先日、大津市民会館で開催された「いじめ防止市民フォーラム」に参加しました。
 
このイベントの良いところは、有名人が登壇されることです。
というと、すごく軽く聞こえるかもしれませんが‥、真面目にそう思っています。
 
過去には、元プロボクサーの内藤大助さんやアルピニストの野口健さん。
今回は、プロフィギュアスケーターの鈴木明子さんが来られました。
 
有名な方が来られると何が良いかというと、さほどいじめ問題に関心のない方も参加されるということです。
 
何もなしで「いじめを考える会を開催します!」とよびかけて、参加される方はいじめ問題にもともと関心のある方です。
今回参加された方の中には「特にいじめに関心はないけれど、鈴木明子さんのファンだ」という方もおられたと思います。
それって、すごく意味のあることだと思います。
 
なぜなら、今を生きている人のなかに、いじめと無関係な人は一人もいないからです。
 
「いじめ」と聞くと、子どもたちの問題だというイメージが強いかもしれません。
 
まず、子どもたちの中で起こることだけがいじめではありません。
家庭や職場、様々な人間関係の中でも起こります。
 
顔を合わさないインターネット上のコミュニティだって、優しい人が集まっているであろう(僕のイメージ‥)老人ホームだって。

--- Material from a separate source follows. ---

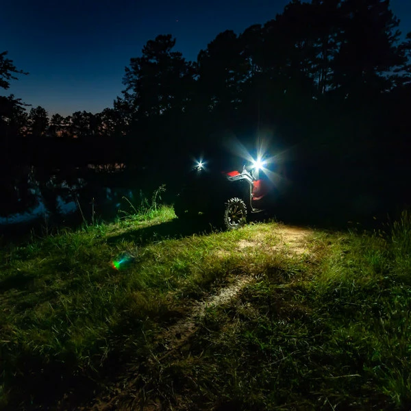 A CAST ALUMINUM HOUSING with IP68 water-resistant rating. DUAL COLOR MODE features Green Night Vision for better visual acuity at low light levels and White for bright illumination when needed. WHITE LEDs: Chips: 3x 11.9W Cree XBD Lumens: 565LM GREEN LEDs: Chips: 3x 6.6W Cree XBD Lumens: 266LM

人同士が関わり合う以上、どこで起こっても不思議ではないのかもしれません。
 
また、子どもたちの中で起こるいじめだって、関係のない大人はいません。
子どもと直接関わる先生や保護者はもちろん、日頃子どもと関わっていない大人だって影響しています。
誰とも関わらずに生きる人など絶対にいないから。
 
どんな人も生活をするだけで影響を与え合っています。
 
街ですれ違う見ず知らずの人の行動に、嫌な気持ちになることがあるように。
また、逆に心があたたまるような、幸せな気持ちになることがあるように。
 
自分の行動も、知らないうちに誰かに影響を与えることがあると僕は思います。
それなら、少しでもプラスな影響を与えられる生き方をしていたいですよね。
 
 
話は戻りますが、こういったイベントをきっかけに”いじめについて考える”ということ。
きっと難しい知識は必要なくて「いじめがなくなってほしい」と一人ひとりが感じるだけで十分なのだと思います。
 
鈴木さんのお話も、知識やアイデアについてではなく、主に体験から学ばれたことを話してくださいました。

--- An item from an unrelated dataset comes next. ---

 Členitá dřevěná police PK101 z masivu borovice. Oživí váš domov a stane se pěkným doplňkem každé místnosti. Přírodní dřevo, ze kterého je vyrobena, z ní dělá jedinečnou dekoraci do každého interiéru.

世界的にも活躍され、自分とはまったく違う世界の人だけれど、心はみんな同じ人間なんだと感じました。
 
「自分と同じだ」と感じさせてくれる人の存在は、生きる上で大きな励みになります。
 
不登校だった頃の経験から、僕はそのことを学びました。
JERRYBEANSも誰かにとってそんな存在になれたら嬉しいです。
 
 
フォーラムの中で、自分と同じだと感じた場面がもう一つありました。
 
鈴木さんの講演後にあった、中学生と市長と鈴木さんのディスカッションコーナーでのことです。
 
中学生が日頃感じている思いを、生の声で聞けるというのは貴重なことです。
どれも興味深いものでしたが、中でも心に響いたのは「自分と同じだ」と感じた言葉でした。
 
「いじめられたとしても、その経験を乗り越えると強くなれる。そう思っている大人がいるけれど、いじめられて強くなった人は僕のまわりにはいない。傷ついてトラウマを抱えたり、鬱になったり、ときに自殺未遂をしたり‥」
 
この言葉を聞いたとき、僕は共感して泣きそうになりました。
 
こうして文字に起こして読み返してみると気付いたことがあるのですが、彼は考え方の話をしているようで、実際あることしか言っていないのです。
 
その考えに共感したというよりも、実際にまわりで起こったことが同じだったのです。
 
僕の友人にもいじめを受けた経験を持つ人が何人もいますが、どれだけの年月が経っても皆深い傷を持っているように思うからです。
もちろん強い部分はありますが、絶対にいじめのおかげなんかではありません。
彼ら自身がまったく別のものから自分の力で得てきた強さです。
 
発表してくれた彼は「いじめられて強くなる」という、まわりの大人が植え付けようとする考え方を受け止めながらも「それって本当か?」と、自分の中で疑問を持っている。
 
彼が実際にあるそれを教えてくれたことで、僕も確信に変わった思いがありました。
 
その疑問は正しいよ。
 
いじめられて強くなることは絶対にない。
そして、いじめを肯定する要素など、少なくとも他者が語ってはいけない。
 
いじめられて強くなるという考え方は、何も知らない人が、自分の中のイメージだけで出した悪気のない答えだと思う。
良かれと思い、励まそうとし、根性論を語る大人は多いから‥。
 
そして、子どもの悩みはこれからの時代の変化に沿ってどんどん変わっていくと思う。
大人の感覚では理解しにくいこともあると思う。
 
子どもたちのことを考えるうえで、想像することはもちろん大切だけれど、想像するだけではなくその思いをちゃんと知らないといけない。
 
そんなことを大切に思える大人でありたいです。